Following World War II, during which he gave numerous concerts for Allied troops, Campoli returned to serious classics, establishing an international reputation with a repertoire including Moeran, Ireland, Bax and Walton. In 1955 he premièred and recorded Arthur Bliss’s Violin Concerto, written for him, with Bliss conducting. They enjoyed a lively working relationship: Campoli cheekily exaggerating the difficulties in passages that he considered badly written for the violin and offering his own ‘corrections’.
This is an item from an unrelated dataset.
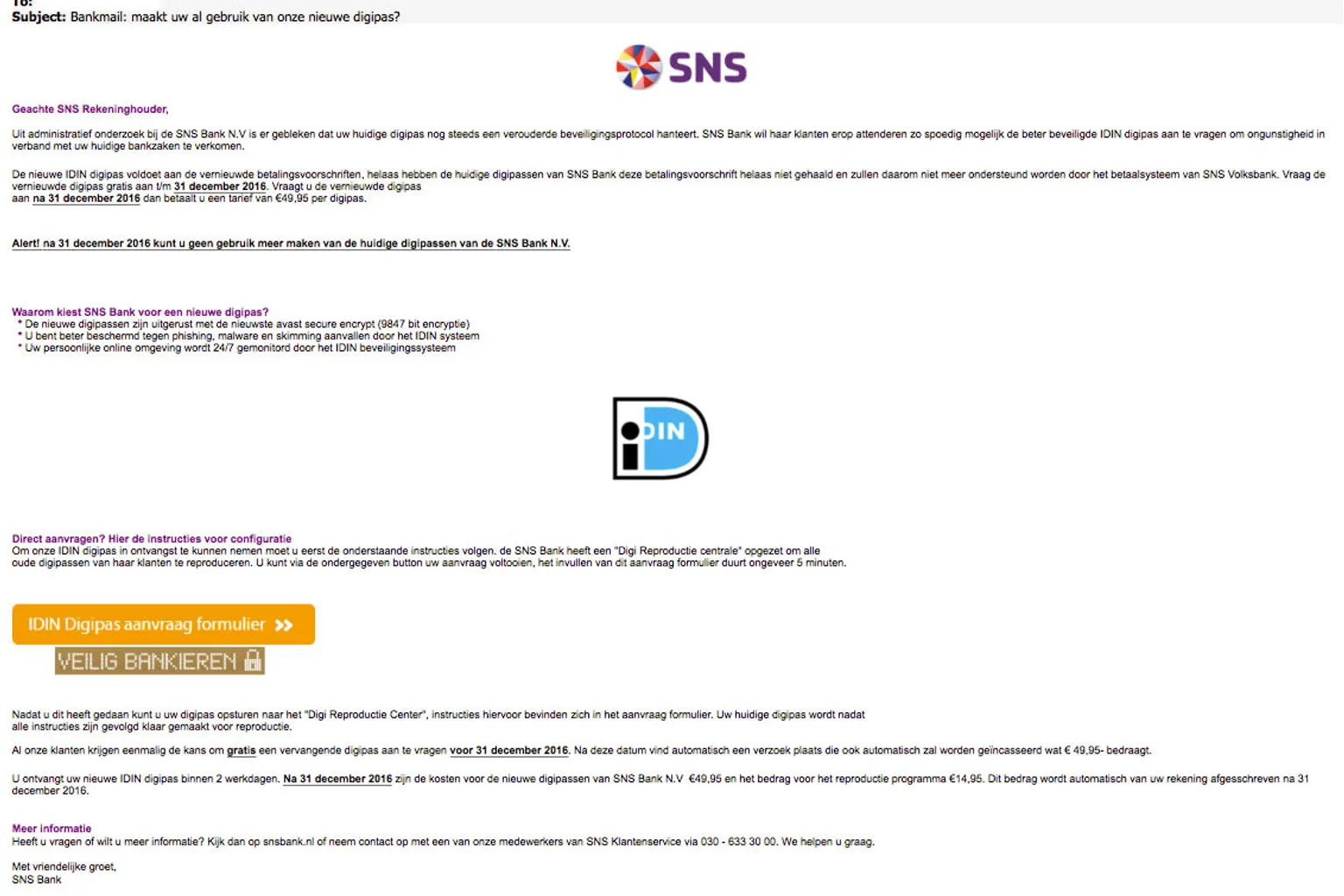 Phishingmail 'SNS Bank' over nieuwe digipas

His much-admired bel canto tone was combined with impeccable technique and an eloquent approach to interpretation. His spiccato bowing was legendary, achieved by lifting the little finger right off the bow. These qualities are sometimes poorly reflected in the engineering quality of Campoli’s recordings; his clean, crisp performance of Saint-Saëns’ Introduction et Rondo capriccioso (1953) is rendered a little harsh in sound, although some very tidy bowing techniques are well conveyed, as also heard in the Tartini–Kreisler (1955). This same harshness in Bliss’s Violin Concerto is evident right from the start of the orchestral tutti, suggesting that Campoli’s brittle sound here is due to the recording. This improves as one goes further inside the music (or makes an aural adjustment) so that the qualities of the work and its performance can be grasped. Campoli’s playing sounds modern in many respects, although there is a poetic intensity that favours the more expansive and reflective works selected here, such as the Bliss and Elgar concertos (the latter from 1973).
A genial and well-loved figure, often sporting a large cigar, Campoli made more than a thousand radio broadcasts and was one of the Decca company’s foremost artists for over forty years. His last public appearance (aged seventy-nine) was, rather touchingly, with the Senior Youth Orchestra of Huddersfield, England.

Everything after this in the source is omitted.